I Trattati di Roma e il destino di un’idea

L’Unione europea celebra i sessant’anni dalla firma dei Trattati di Roma con cui si istituiva la Comunità Economica Europea (Cee). Comunque la si pensi su questa Europa, è un giorno importante. Quel progetto di unificazione, sognato dai padri fondatori, non si è ancora compiuto del tutto. Tuttavia, bisogna riconoscere che se gli ultimi sessant’anni sono stati tempi di pace lo si deve anche all’esistenza di una casa comune, sia pure incompleta, degli europei. Perciò, niente pentimenti.

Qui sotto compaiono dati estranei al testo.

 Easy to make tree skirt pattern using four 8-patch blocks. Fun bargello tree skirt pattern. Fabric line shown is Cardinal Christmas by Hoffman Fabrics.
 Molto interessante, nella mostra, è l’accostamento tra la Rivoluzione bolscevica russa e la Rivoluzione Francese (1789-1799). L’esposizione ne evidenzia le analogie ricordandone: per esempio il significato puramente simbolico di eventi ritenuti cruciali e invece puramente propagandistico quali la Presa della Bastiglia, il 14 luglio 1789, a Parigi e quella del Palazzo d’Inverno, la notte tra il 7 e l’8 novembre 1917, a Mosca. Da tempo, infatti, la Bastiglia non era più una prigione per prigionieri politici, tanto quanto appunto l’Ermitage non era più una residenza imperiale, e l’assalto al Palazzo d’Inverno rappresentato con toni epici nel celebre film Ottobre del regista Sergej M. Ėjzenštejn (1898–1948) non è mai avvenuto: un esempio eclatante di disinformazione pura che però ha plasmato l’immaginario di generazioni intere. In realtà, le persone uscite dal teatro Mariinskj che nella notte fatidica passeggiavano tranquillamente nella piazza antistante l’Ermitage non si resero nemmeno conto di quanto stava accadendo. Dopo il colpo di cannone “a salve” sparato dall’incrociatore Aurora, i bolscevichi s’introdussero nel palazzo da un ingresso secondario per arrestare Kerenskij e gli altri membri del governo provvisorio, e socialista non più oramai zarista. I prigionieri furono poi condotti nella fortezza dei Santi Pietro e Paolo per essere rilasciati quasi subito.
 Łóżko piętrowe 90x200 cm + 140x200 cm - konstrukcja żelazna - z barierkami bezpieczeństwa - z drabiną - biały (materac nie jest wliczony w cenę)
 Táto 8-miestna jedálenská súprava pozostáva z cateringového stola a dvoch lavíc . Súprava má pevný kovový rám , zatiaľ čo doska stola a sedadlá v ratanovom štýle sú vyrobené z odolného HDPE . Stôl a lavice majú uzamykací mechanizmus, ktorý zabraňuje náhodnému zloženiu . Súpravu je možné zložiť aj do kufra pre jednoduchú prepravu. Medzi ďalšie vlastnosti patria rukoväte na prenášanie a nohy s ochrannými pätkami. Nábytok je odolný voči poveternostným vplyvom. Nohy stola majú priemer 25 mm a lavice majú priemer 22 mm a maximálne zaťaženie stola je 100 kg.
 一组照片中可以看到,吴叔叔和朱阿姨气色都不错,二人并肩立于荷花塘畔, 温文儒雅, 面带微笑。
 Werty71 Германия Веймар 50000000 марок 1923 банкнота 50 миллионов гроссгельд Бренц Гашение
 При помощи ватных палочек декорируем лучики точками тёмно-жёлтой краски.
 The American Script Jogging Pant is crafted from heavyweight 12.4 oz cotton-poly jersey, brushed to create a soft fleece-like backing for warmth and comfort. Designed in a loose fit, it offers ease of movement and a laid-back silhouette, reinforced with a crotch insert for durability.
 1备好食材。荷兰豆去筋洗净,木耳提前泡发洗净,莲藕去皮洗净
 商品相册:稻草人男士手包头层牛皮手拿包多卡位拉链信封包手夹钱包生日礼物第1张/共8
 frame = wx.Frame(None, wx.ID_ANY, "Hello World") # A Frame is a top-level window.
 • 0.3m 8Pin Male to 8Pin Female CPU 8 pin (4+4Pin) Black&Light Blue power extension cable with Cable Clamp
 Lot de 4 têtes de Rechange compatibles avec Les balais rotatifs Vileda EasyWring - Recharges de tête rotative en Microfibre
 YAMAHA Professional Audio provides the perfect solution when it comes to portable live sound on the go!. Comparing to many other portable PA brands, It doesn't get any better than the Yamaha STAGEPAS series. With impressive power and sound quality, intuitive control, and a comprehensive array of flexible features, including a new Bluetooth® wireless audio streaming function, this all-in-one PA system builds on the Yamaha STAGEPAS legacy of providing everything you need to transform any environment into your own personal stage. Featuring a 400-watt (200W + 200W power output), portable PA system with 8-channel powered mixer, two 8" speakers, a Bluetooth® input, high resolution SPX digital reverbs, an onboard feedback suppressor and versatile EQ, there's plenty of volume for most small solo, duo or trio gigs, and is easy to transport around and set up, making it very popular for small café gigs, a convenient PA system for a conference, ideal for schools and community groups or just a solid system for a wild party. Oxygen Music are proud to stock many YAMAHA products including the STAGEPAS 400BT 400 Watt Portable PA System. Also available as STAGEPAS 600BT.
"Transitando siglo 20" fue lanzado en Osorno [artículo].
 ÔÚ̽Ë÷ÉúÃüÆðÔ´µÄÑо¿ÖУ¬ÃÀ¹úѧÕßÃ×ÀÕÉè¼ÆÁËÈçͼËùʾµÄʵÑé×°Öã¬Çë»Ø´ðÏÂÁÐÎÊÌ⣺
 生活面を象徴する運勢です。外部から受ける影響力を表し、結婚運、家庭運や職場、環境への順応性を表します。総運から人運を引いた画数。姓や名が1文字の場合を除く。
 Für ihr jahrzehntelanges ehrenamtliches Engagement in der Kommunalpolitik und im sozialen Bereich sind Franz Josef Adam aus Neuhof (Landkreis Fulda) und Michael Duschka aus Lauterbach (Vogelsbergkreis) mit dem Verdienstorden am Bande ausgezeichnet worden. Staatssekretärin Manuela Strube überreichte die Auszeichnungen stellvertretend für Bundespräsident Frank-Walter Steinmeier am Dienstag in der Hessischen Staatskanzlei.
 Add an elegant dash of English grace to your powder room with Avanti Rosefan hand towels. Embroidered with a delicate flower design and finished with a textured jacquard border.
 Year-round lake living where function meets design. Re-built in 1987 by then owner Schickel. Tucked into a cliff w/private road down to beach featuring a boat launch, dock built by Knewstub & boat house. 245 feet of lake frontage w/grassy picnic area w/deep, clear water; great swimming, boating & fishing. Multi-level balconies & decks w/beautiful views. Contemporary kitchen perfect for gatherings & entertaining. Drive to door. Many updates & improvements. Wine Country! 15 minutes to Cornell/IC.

Oggi, intorno allo stesso tavolo si riuniscono i rappresentanti dei 27 Paesi che nel corso dei decenni hanno aderito all’Unione europea. Non ci saranno i delegati britannici per le note ragioni connesse alla Brexit. Non se ne faccia per questo un dramma. Ciò che invece deve riguardare l’odierna celebrazione è ben altro: è in gioco un modello di Unione che non piace ai suoi cittadini. I Trattati del 1957 non si spingevano al di là dell’orizzonte segnato dall’implementazione degli scambi commerciali, dall’abolizione dei dazi, dalla realizzazione di un’unione doganale e dalla libera circolazione, al suo interno, delle persone. Nel corso dei decenni, però, si è ecceduto finendo a occuparsi ossessivamente di formaggi, zucchine e vongole a danno delle grande idee riposte negli archivi di Bruxelles.

L’Unione si è trasformata in un’entità sovraordinata ai singoli Stati, troppo soffocante per le aspirazioni di libertà delle persone e delle comunità. Abbiamo incolpato di ciò la Germania della signora Angela Merkel. Ma sarebbe stato più onesto ammettere che il male di cui soffre l’odierna Unione viene da lontano ed è la scomparsa di ogni aspirazione egemonica. Già all’inizio del Novecento veniva eccepita la progressiva perdita di valore dei princìpi europei. Per secoli il Vecchio Continente aveva imposto il suo comando al mondo: ciò che accadeva in Europa era destinato a segnare la vita nel resto del pianeta. Parliamo di un’egemonia che non è stata solo economica e militare, ma anche scientifica, tecnologica, spirituale, culturale. A un certo punto, nello scorso secolo, la vecchia Europa ha smesso di fare il suo mestiere attendendo che il centro di comando si spostasse altrove: prima oltre Atlantico, poi verso la costa asiatica del Pacifico.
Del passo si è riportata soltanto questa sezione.